In June 2021, Coinbase, an online cryptocurrency exchange, started a Dogecoin sweepstakes. David Suski and three users (collectively Suski) entered into two agreements to join the sweepstakes. The first agreement was a Coinbase user agreement that contained both an arbitration agreement and a broad delegation clause providing that all disputes on arbitrability would be resolved by the arbitrator. The second agreement, the official sweepstakes rules, contained a forum-selection clause that did not mention the prior arbitration agreement or delegation clause. The rules stipulated that California courts would have exclusive jurisdiction for related disputes. Suski sued alleging that Coinbase violated California’s False Advertising Law, Unfair Competition Law, and Consumer Legal Remedies. According to Suski, Coinbase intentionally misled users to believe they had to buy or sell at least $100 in cryptocurrency to enter, even though no monetary transaction was required. Further, Suski alleged that Coinbase’s sweepstakes was an unlawful lottery in violation of California law.
Coinbase sought to compel arbitration, but the district court denied its motion. The court interpreted the contractual documents to conclude the Sweepstakes’ official rules with their forum-selection clause trumped the Coinbase User Agreement’s arbitration clause. On appeal, the Ninth Circuit affirmed, concluding the dispute should be resolved within the California court system rather than through arbitration. Coinbase petitioned the U.S. Supreme Court to review.

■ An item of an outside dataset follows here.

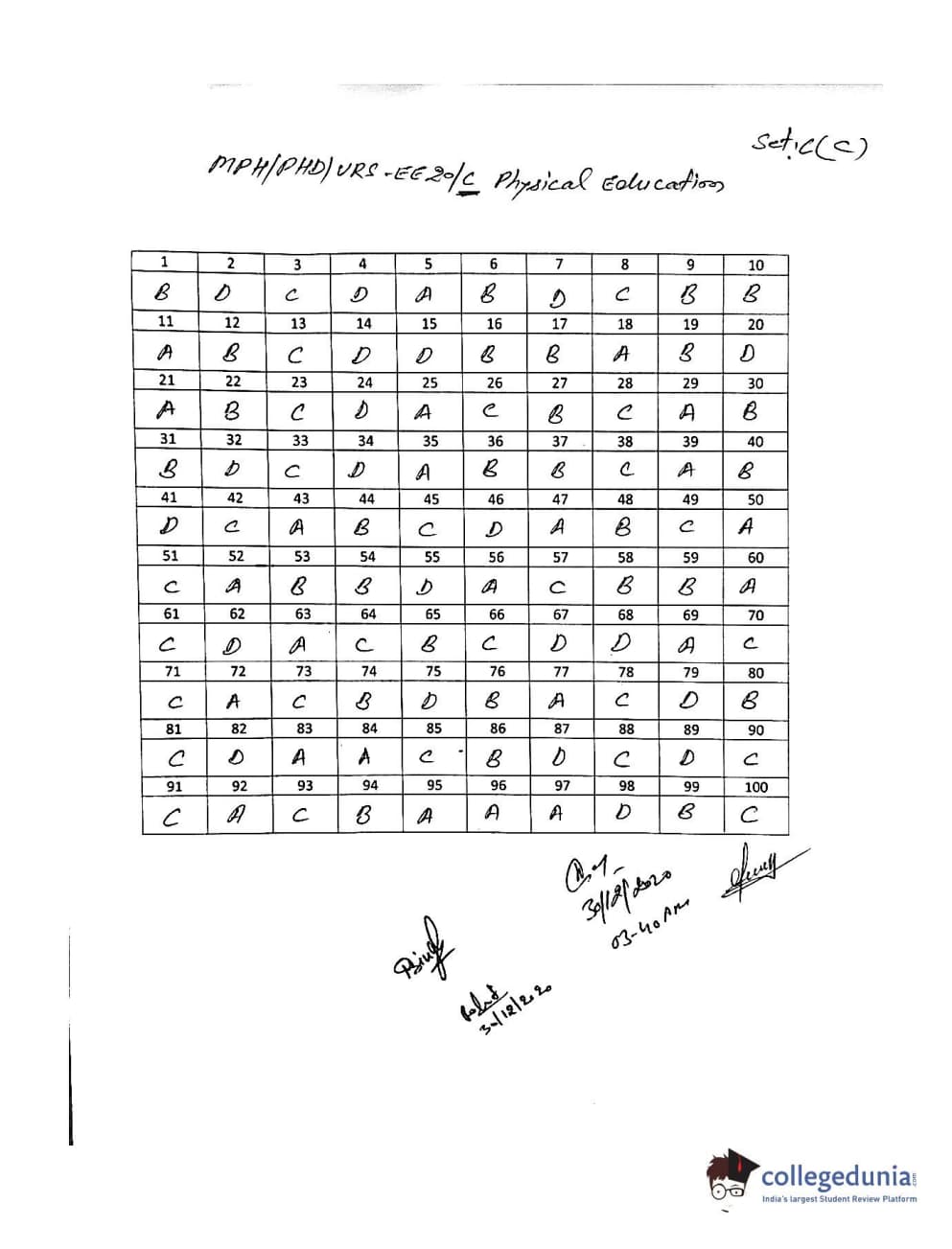 MDUCEE 2020 M.Phil/Ph.D/URS - Physical Education Set C Question Paper with Answer Key PDFs
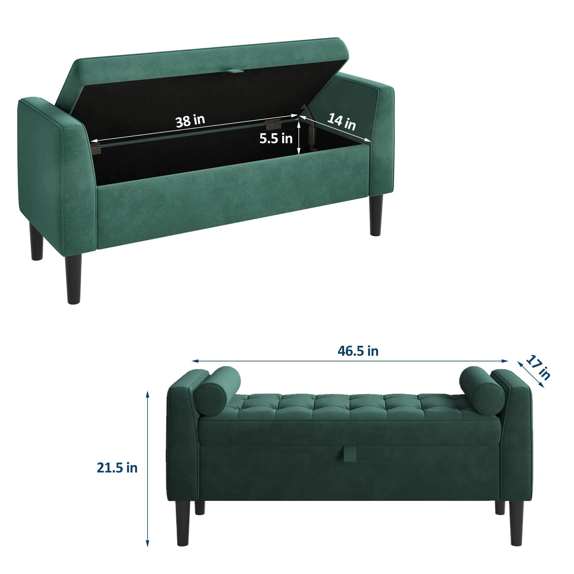 Velvet Storage Bench with Spacious Hidden Compartment – 46.5″ Tufted Ottoman for Entryway, Bedroom, Hallway

Amici filed its amicus brief supporting Coinbase. Amici argued the effect of a subsequent contract on a prior arbitration agreement that remains in effect is a question of the arbitration agreement’s scope, not contract formation, for four reasons. First, Amici asserted the Federal Arbitration Act (FAA) requires that valid arbitration agreements be enforced as written. Section 3 of the FAA provides that if the parties validly agreed to arbitrate, the court shall stay any litigation pending the completion of an arbitration proceeding under the agreement. Section 4 provides that a party that proves the opposing party’s failure to arbitrate a dispute “under a written agreement for arbitration” is entitled to an “order directing that such arbitration proceed in the manner provided for in such agreement.” Therefore, Amici emphasized when the dispute falls within the scope specified in the arbitration agreement, the court must issue an order compelling arbitration.
Second, Amici asserted whether a subsequent contract narrows the coverage of a prior arbitration agreement is a question of the arbitration agreement’s scope. Amici emphasized there is no dispute that Suski agreed to the Coinbase User Agreement, including its arbitration agreement. There is also no dispute the arbitration agreement remains in effect. In effect, Amici contended “so long as the arbitration agreement’s very existence is not challenged, questions about its reach or interaction with other agreements involve the arbitration agreement’s scope, not its formation.”
Third, because the parties agreed to delegate questions of arbitrability to an arbitrator, Amici asserted the arbitrator must decide the effect of the subsequent contract. Amici emphasized the FAA requires courts to “interpret the contract as written.” Therefore, under the current delegation clause, it was for the arbitrator to decide whether the sweepstakes rules narrowed the scope of the arbitration agreement to exclude the underlying claims asserted by Suski.
Fourth, Amici asserted that failing to properly distinguish between contract formation and scope issues will create widespread uncertainty, undermining Congress’ purpose in enacting the FAA. Amici highlighted that lengthy proceedings threaten to discourage the use of arbitration by depriving the parties of the informality and expediency they sought to achieve by agreeing to arbitrate a broad range of disputes. According to Amici, this includes any threshold disputes over arbitrability.
Amici also argued the court of appeals should have enforced the delegation clause even if the issue involves contract formation. Even if the court were to determine the question is one of contract formation—and the sweepstakes rules supersede the arbitration agreement and delegation clauses in the Coinbase User Agreement—Amici explained the court erred in ruling the forum-selection clause could silence the delegation clause. In deciding whether a valid delegation provision exists, a court must apply the “clear and unmistakable” standard from First Options of Chicago v. Kaplan. Under this standard, parties must provide clear and unmistakable evidence that they agreed to arbitrate. Amici explained there was no dispute that the delegation clause was formed, and the clear and unmistakable standard was satisfied. For these reasons, Amici concluded the delegation clause cannot be undone by “mere silence or ambiguity in a subsequent contract.”
Bottom Line: Respondents brief is due Jan. 17, 2024.